Declaration of Compliance
with the German Corporate Governance Code pursuant to Sec. 161 AktG [“Aktiengesetz”: German Stock Corporation Act]
The board of management and the supervisory board of Ströer SE declare pursuant to Sec. 161 AktG:
Since the last declaration of compliance on 24 January 2014, Ströer SE has complied with the recommendations made by the government commission on the German Corporate Governance Code (GCGC) as amended on 24 June 2014 and will continue to comply with them in the future with the following exceptions:
Contrary to the recommendation in 3.8 GCGC, no deductible for the members of the supervisory board was agreed upon in the D&O insurance policies for the members of the board of management, the supervisory board and executive employees. In our opinion, a deductible for supervisory board members would impair the interest and willingness of suitable individuals in remaining on or becoming active for the supervisory board of Ströer SE.

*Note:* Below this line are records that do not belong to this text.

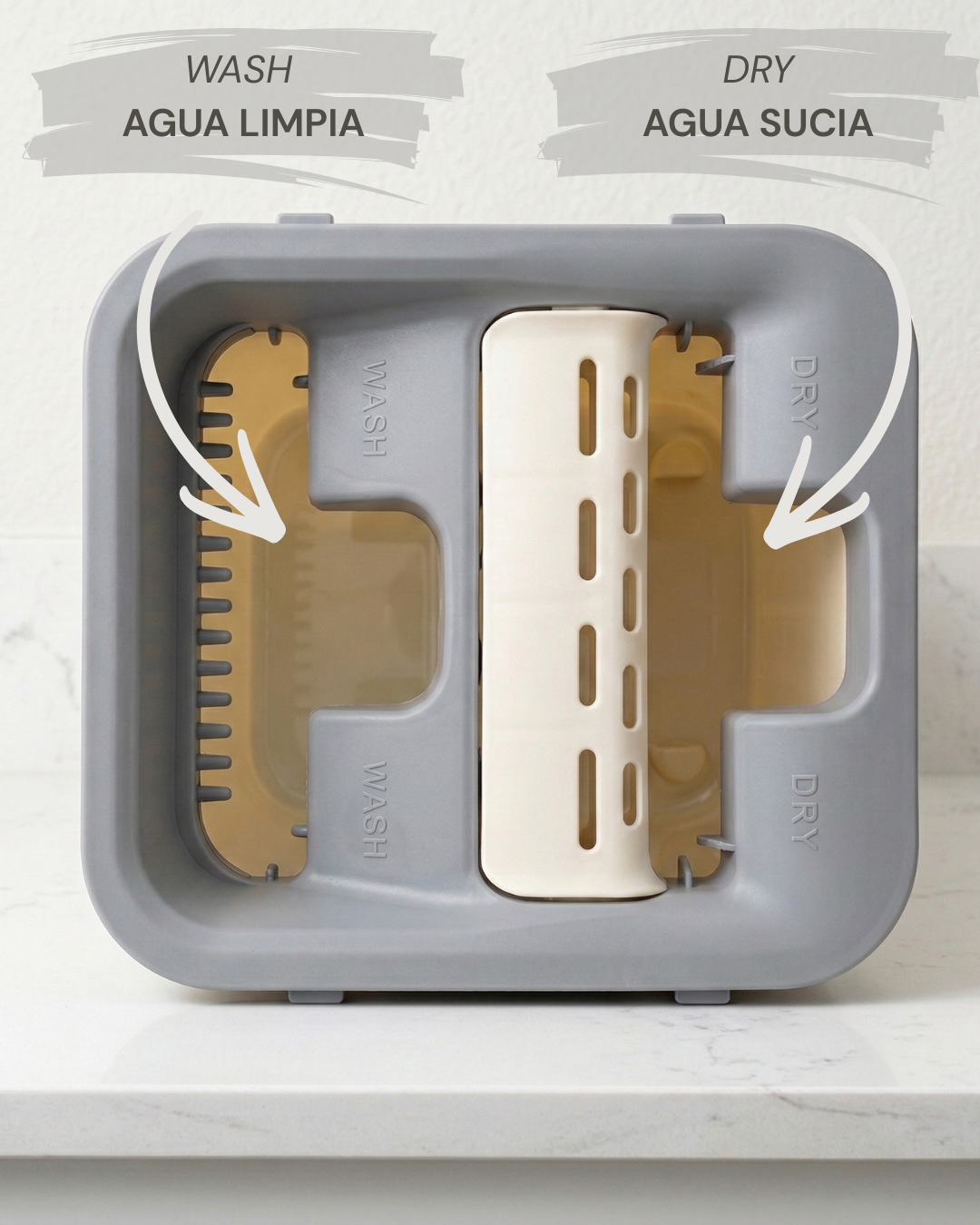 - Zona de agua sucia: equipada con sistema de prensado que retira el exceso de agua, dejando la mopa con el nivel de humedad adecuado para limpiar sin encharcar.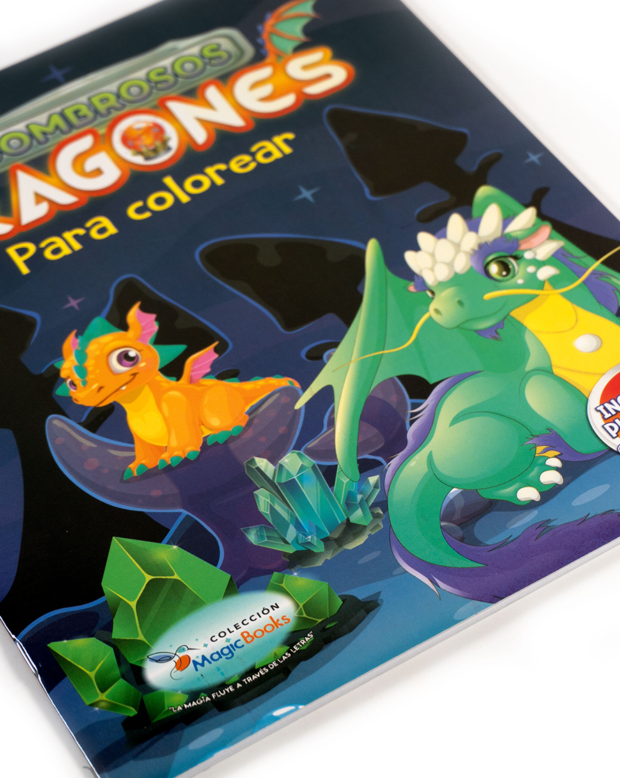 Un libro mágico de dragones para colorear, lleno de fantasía y diversión. ¡Incluye stickers!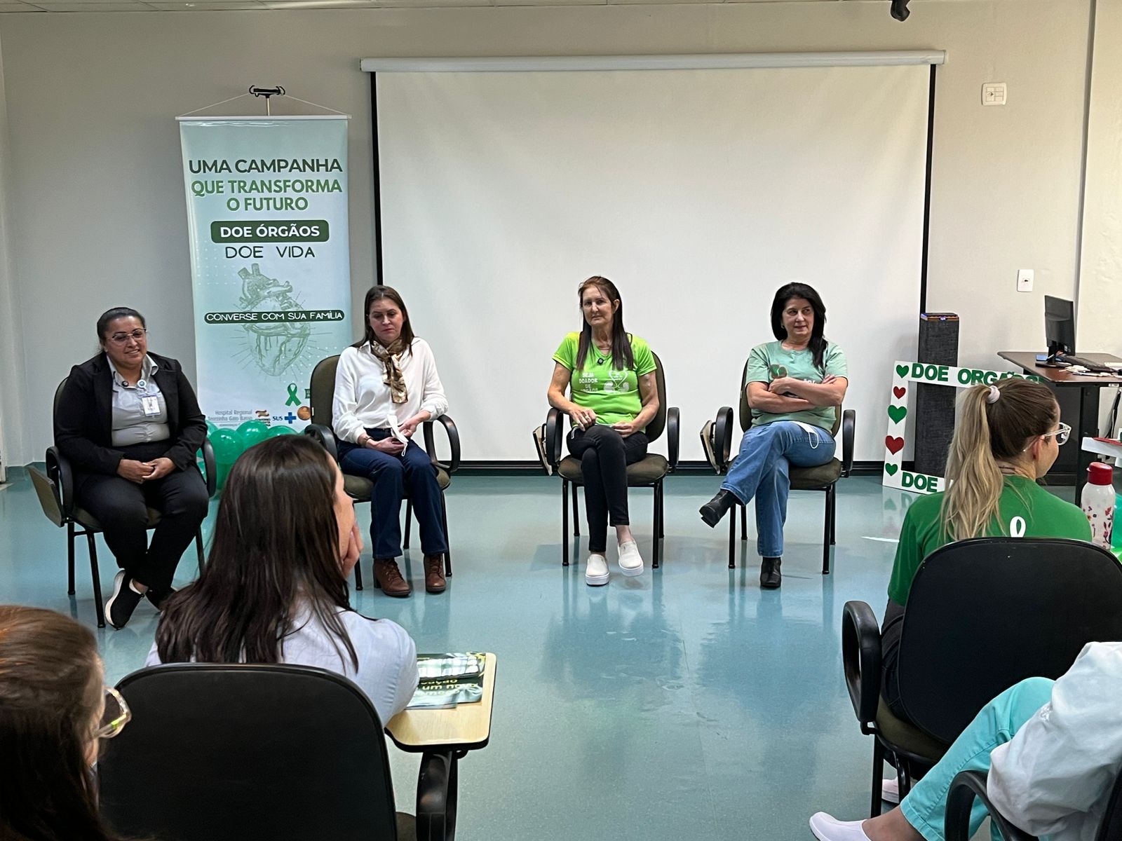 Participaram como convidadas da ação Salete Klein Borges, que passou duas vezes por transplante renal, sendo o último em julho de 2025; Ivanir Milani, transplantada renal em agosto de 2024; Sandra Loro, transplantada de pulmão em dezembro de 2024;, e a colaboradora do HRTGB-Santé, Meirilane Nascimento de Oliveira, transplantada de córnea há 24 anos.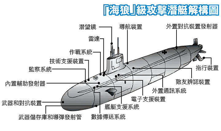 海軍表示,造價約二百五十億港元的「卡特」號,魚雷艙除可發射「戰斧」巡航導彈外,是一艘經改裝的核潛艇,艇身比另兩艘「海狼」級長一百呎,加建的掛艙可容納多艘小型潛艇,共搭載五十名海豹特種部隊成員。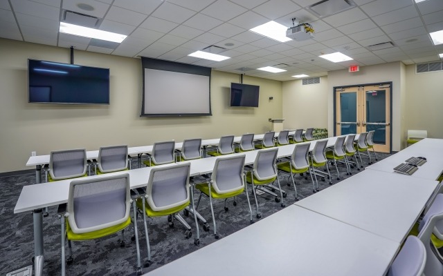 This new 11,200 project is a build-to-suit office building in Grand Island, Nebraska for Lutz & Company, PC. Roughly one-third of the occupied space consists of offices around the perimeter with the remaining two-thirds consisting of a lobby and central bullpen to house employee workstations. The new building allows for the company to promote collaborative teamwork and serves as a central location for their team to work in. The building houses offices, a kitchen and conference space. Other interesting features of this project include a wooden architectural structure towering behind the reception area and the company's colors powerfully displayed throughout the office.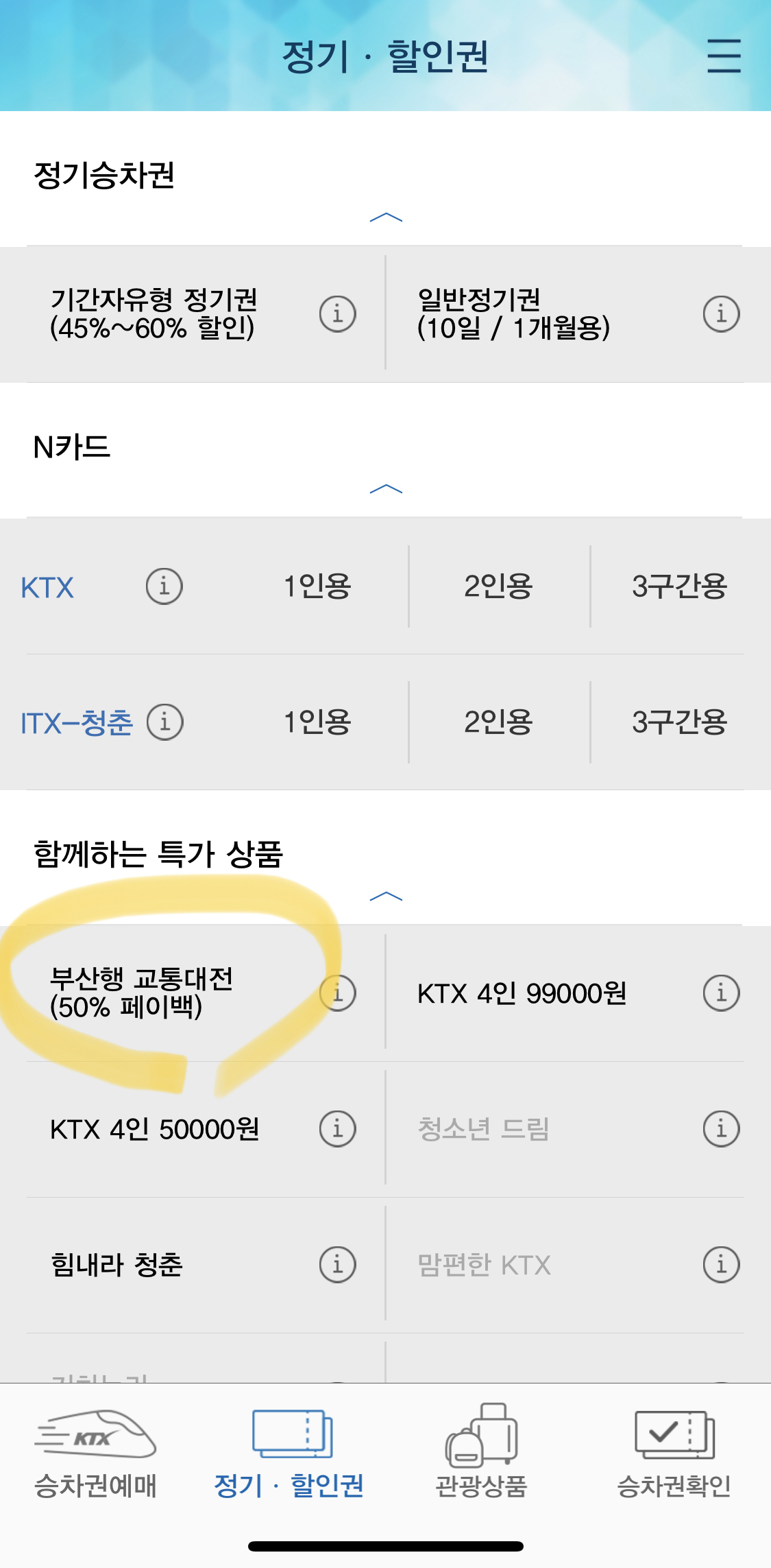 2. 앱 하단 ‘정기•할인권’ 에 들어가 함께하는 특가상품-부산행 교통대전 클릭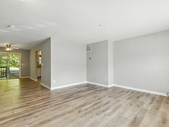 The main level features a comfortable living and dining area that flows into a functional kitchen equipped with a full-size fridge, dishwasher, and stove. Upstairs, the primary bedroom includes a private bath, while two additional bedrooms offer plenty of flexibility for guests, a home office, or extra storage. Central A/C keeps the home cool all summer, and the layout is designed for easy living.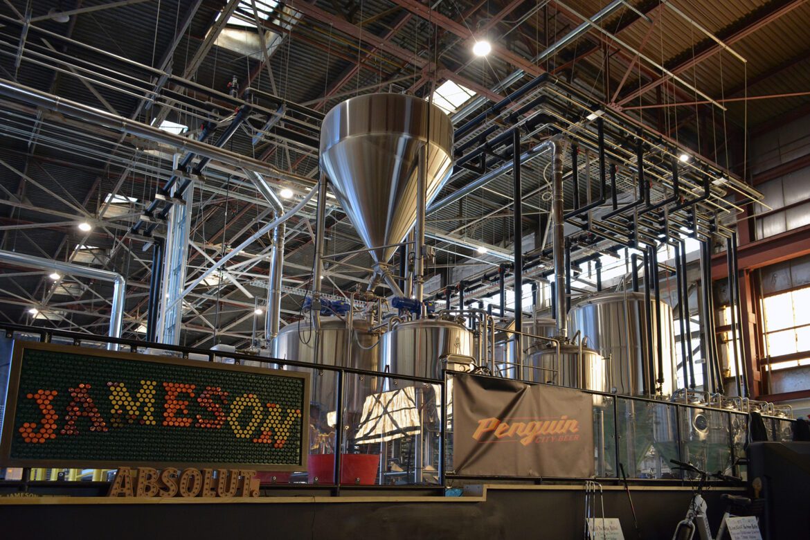 The transformation of this historic space stands as a testament to resilient cities and the power of modern engineering solutions. The logo on the side of the brewery proudly proclaims, “Tough Times Don’t Last, Tough Cities Do!”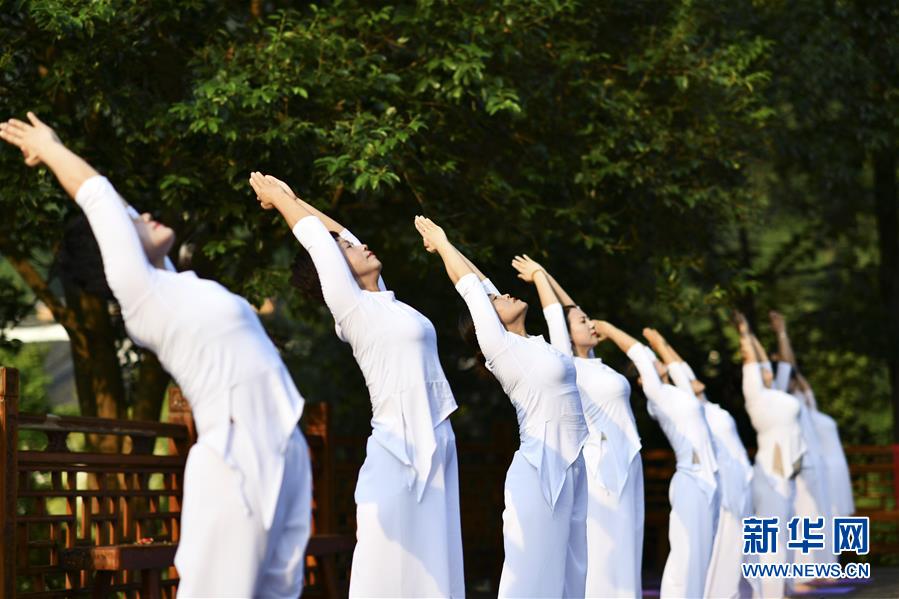 8月30日,瑜伽爱好者们在进行瑜伽展示。 8月30日,贵州省黔东南苗族侗族自治州剑河县的瑜伽爱好者们来到剑河温泉景区参加瑜伽展示活动。 新华社记者杨文斌摄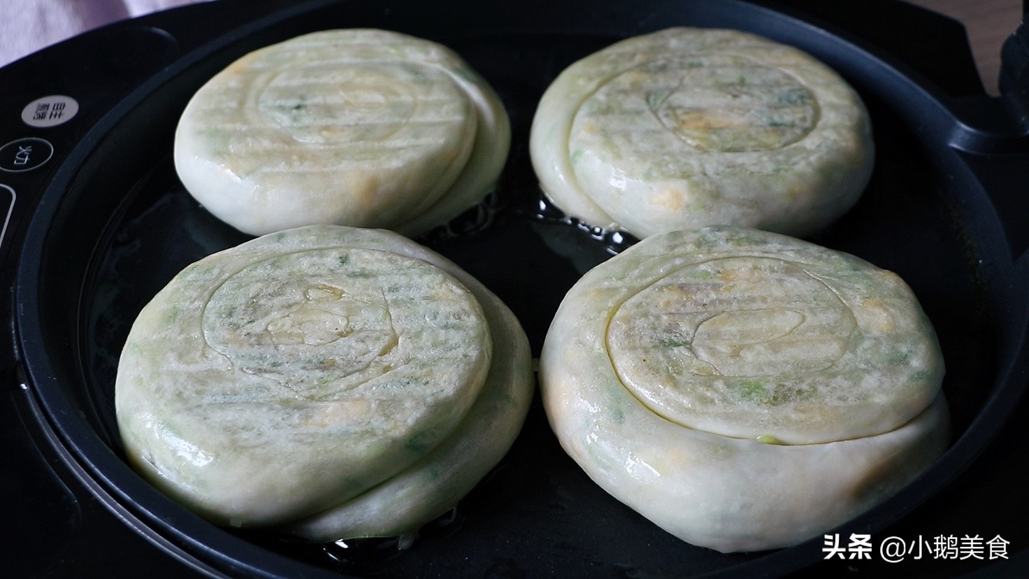 8、中火烙,大约1分钟翻一次面,反复多次翻面,烙到饼子两面金黄,按压可以快速回弹就熟透了。一锅饼大概6到8分钟。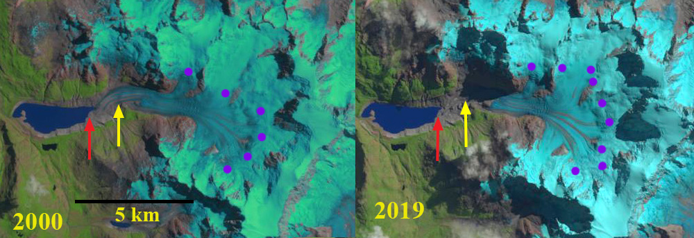 Calluqueo Glacier in Landsat images from 2000 and 2019. Yellow arrow is the 2020 terminus location, red arrow the 1986 terminus location, purple dots indicate the snowline.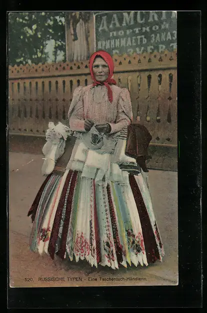 AK Russische Taschentuch-Händlerin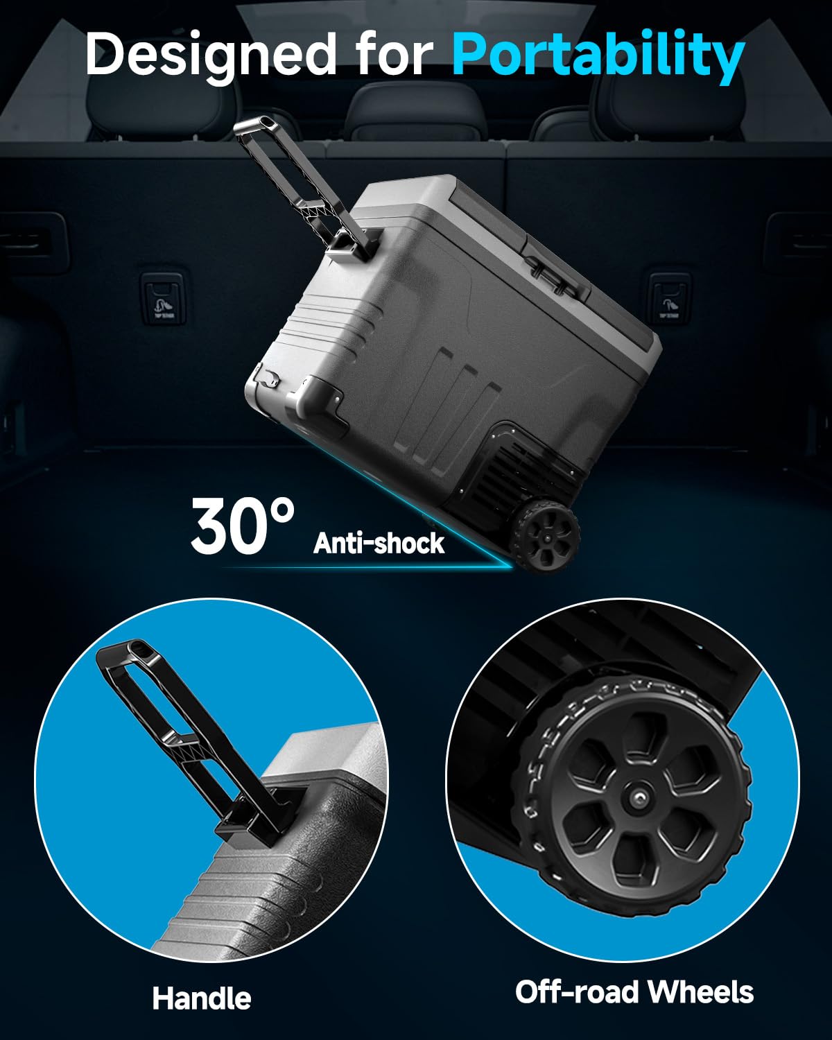 - 【Designed for Portability】 - Take your portable fridge wherever you go with the ergonomic double handles and off-road wheels, capable of stable operation even at a 30-degree incline. The sleek, black exterior not only looks good but is built to last, making it perfect for outdoor enthusiasts and travelers. Additionally, our user-friendly LCD touch panel offers you the convenience of adjusting temperatures, ensuring that your items are perfectly preserved.

Remuneration paid to the board of management is disclosed in accordance with the legal provisions and pursuant to the opt-out resolution adopted by the Company’s shareholder meeting on 14 May 2010. Under this resolution, the amount of remuneration paid to the individual members of the board of management is not disclosed in the Company’s separate or consolidated financial statements. As long as an an “opt-out resolution adopted by the shareholder meeting applies, the Company shall not include the disclosures recommended in 4.2.5 Sentences 5 and 6 GCGC in the remuneration report.”
Contrary to the recommendation in 5.3.3 GCGC, the supervisory board has not established a nomination committee in addition to the existing audit committee because Ströer SE does not need a special committee to propose shareholder representatives as candidates given the fact that employees are not represented on the supervisory board.